L’assassinat, en octobre 2018, du journaliste saoudien, Jamal Khashoggi, au consulat d’Arabie saoudite à Istanbul, a provoqué une onde de choc dans l’opinion publique et, en particulier, parmi les défenseurs des droits humains, dont je suis.
C’est alors qu’en ma qualité de vice-présidente de la Commission des Affaires étrangères, j’ai adressé un courrier à l’ambassadeur d’Arabie saoudite en France, M. Al Ankary, cosigné par plusieurs de mes collègues membres de la Commission. Ce courrier faisait part de notre extrême préoccupation et demandait des explications au gouvernement saoudien sur les circonstances de la disparition du journaliste tout en rappelant les principes du droit à la vie et du respect de toute personne quelle que soit sa profession ou ses opinions.

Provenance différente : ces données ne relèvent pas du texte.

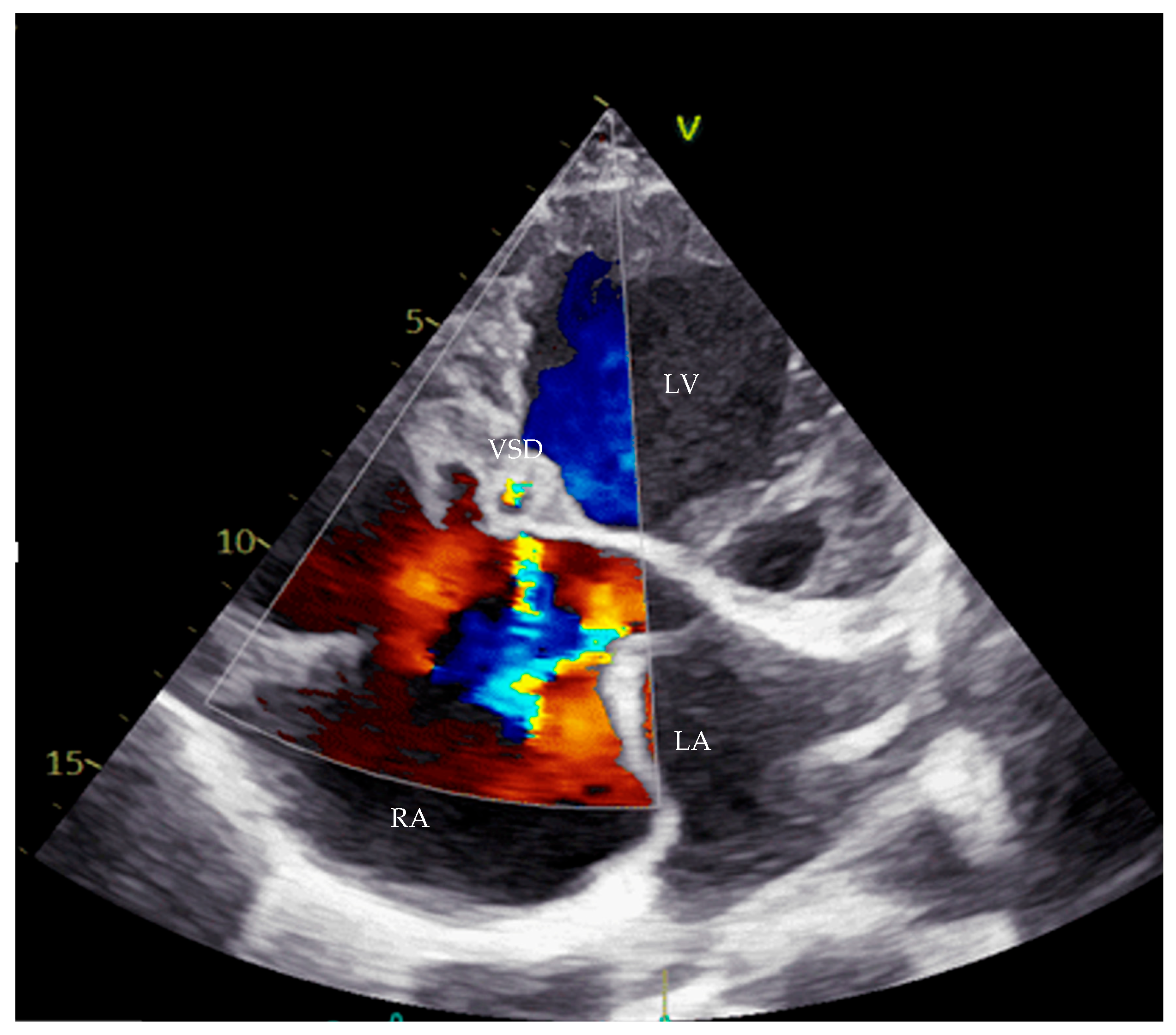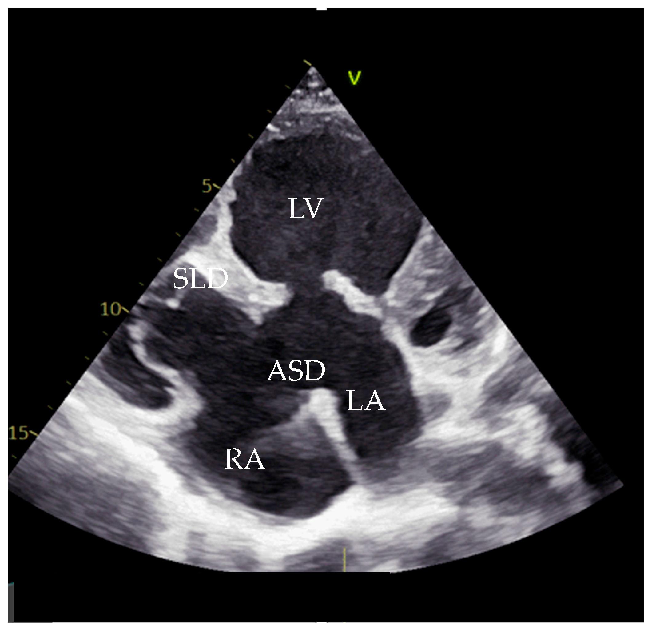 - Ahmed, I.; Alahmadi, M.H.; Anjum, F. Atrioventricular Septal Defect. In StatPearls [Internet]; StatPearls Publishing: Treasure Island, FL, USA, 2025. Available online: https://www.ncbi.nlm.nih.gov/books/NBK562194/ (accessed on 7 December 2025).

Ce courrier étant resté sans réponse, j’ai de nouveau interpellé l’ambassadeur lors de son audition devant la Commission des Affaires étrangères, le 22 janvier, pour lui reformuler notre inquiétude. Ce fut aussi l’occasion de l’alerter sur la très préoccupante situation des droits humains dans son pays, alors qu’un grand nombre de défenseurs des droits humains et de détracteurs du gouvernement sont détenus, dont certains condamnés à de longues peines d'emprisonnement à l'issue de procès inéquitables. J’ai en particulier évoqué le cas d'Esra al-Ghomgham, militante et menacée de décapitation. Dans sa réponse, M. Al Ankary a qualifié l’assassinat de Jamal Khashoggi de "crime qui va à l'encontre de toutes les valeurs auxquelles tient l'Arabie Saoudite", rappelant que l'enquête qui vise les "membres du commando" ayant perpétré ce meurtre est toujours en cours mais que "onze individus ont été transférés à la justice". A propos de la situation des défenseurs des droits humains, il a affirmé qu'il existe aujourd'hui "beaucoup de gens qui critiquent le gouvernement saoudien" qui n'ont "jamais été arrêtés". Pour justifier les arrestations, il a ajouté « qu’il y a [des] journalistes ou des écrivains ou [des personnes] travaillant dans le domaine associatif, qui sont en relation avec d'autres pays étrangers, qui sont parfois membres de groupes classés comme terroristes".
Lors d’un déjeuner, mi-février, auquel il m’a conviée, avec deux de mes collègues de la Commission, j’ai obtenu les mêmes réponses à mes questions. La défenseure des droits humains que je suis compte persévérer dans cette interpellation courtoise mais ferme.